Exterior of the Sheraton Princess Kaiulani hotel. / Sheraton


Rising room rates helped Hawaii hotels set a new revenue record for October, but the high prices continued to chip away at occupancy rates.

The average daily room rate rose to $208.85 a month in October, up 10 percent from the same month a year ago, according a report released Tuesday by Hospitality Advisors LLC, an industry consulting group.

The room rate represented a new high for October, as did the $269 million in total revenue collected during the month.

Meanwhile, softening room demand led to a decline in hotel occupancy for the sixth consecutive month on a year-over-year basis. Hawaii’s hotels were 72.7 percent full in October, down from 74.4 percent in October 2012. The decline in occupancy was partly the result of a 1.2 percent drop in visitor arrivals for October, according to the report.

Even with the decline in occupancy, Hawaii hotels were still able to boost their profits significantly. Revenue per available room, a key measure of hotel profitability, rose to $152.83, a record high for the month.

The declining occupancy rates, which are expected to continue into the first quarter of 2014, have prompted some hotels to trim their prices and others to offer incentives like free parking and late checkouts, said Barry Wallace, executive vice president of hospitality services for Honolulu-based Outrigger Enterprises.

“We’ve reached a tipping point,” Wallace said. “We had been expecting this for some time. It was a surprising 36-month run leading up to this.” he said.”The first quarter will still be very good on a seasonal basis. It’s just that we had gotten used to extraordinarily good numbers,” Wallace said.

Travel wholesalers that Outrigger works with on the mainland have said that some travelers are opting to go to Mexico instead of Hawaii because it’s cheaper, according to Wallace.

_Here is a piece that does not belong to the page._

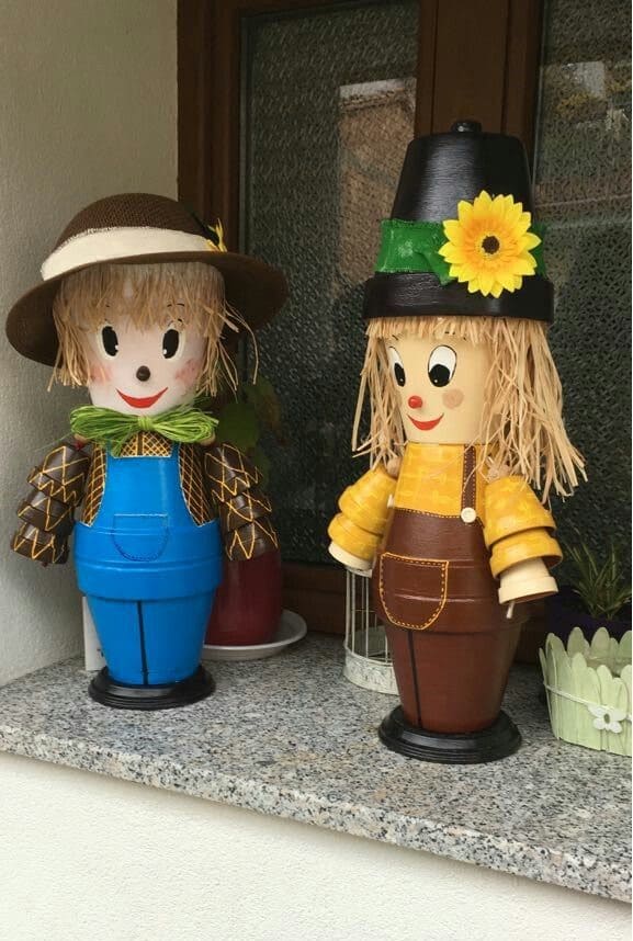 With straw hair, painted outfits, and wide, friendly smiles, they make the perfect fall or harvest-themed porch decor.

The hotel occupancy numbers in 2014 will be skewed by a temporary reduction in available rooms due to three big renovation projects. A total of 1,200 rooms will be removed from the inventory as a result of projects at the Princess Kaiulani, Ohana West and Miramar hotels, Wallace said.

Although visitor arrivals and spending are slowing from their recent rapid growth rates, both categories are expected to reach new records for 2013 and 2014, according to the latest forecast from the state Department of Business, Economic Development and Tourism.

When 2013 is finished DBEDT expects 8.23 million visitors will have spent $14.79 billion. In 2014 the visitor count is forecast to grow to 8.49 million, with spending of $15.41 billion.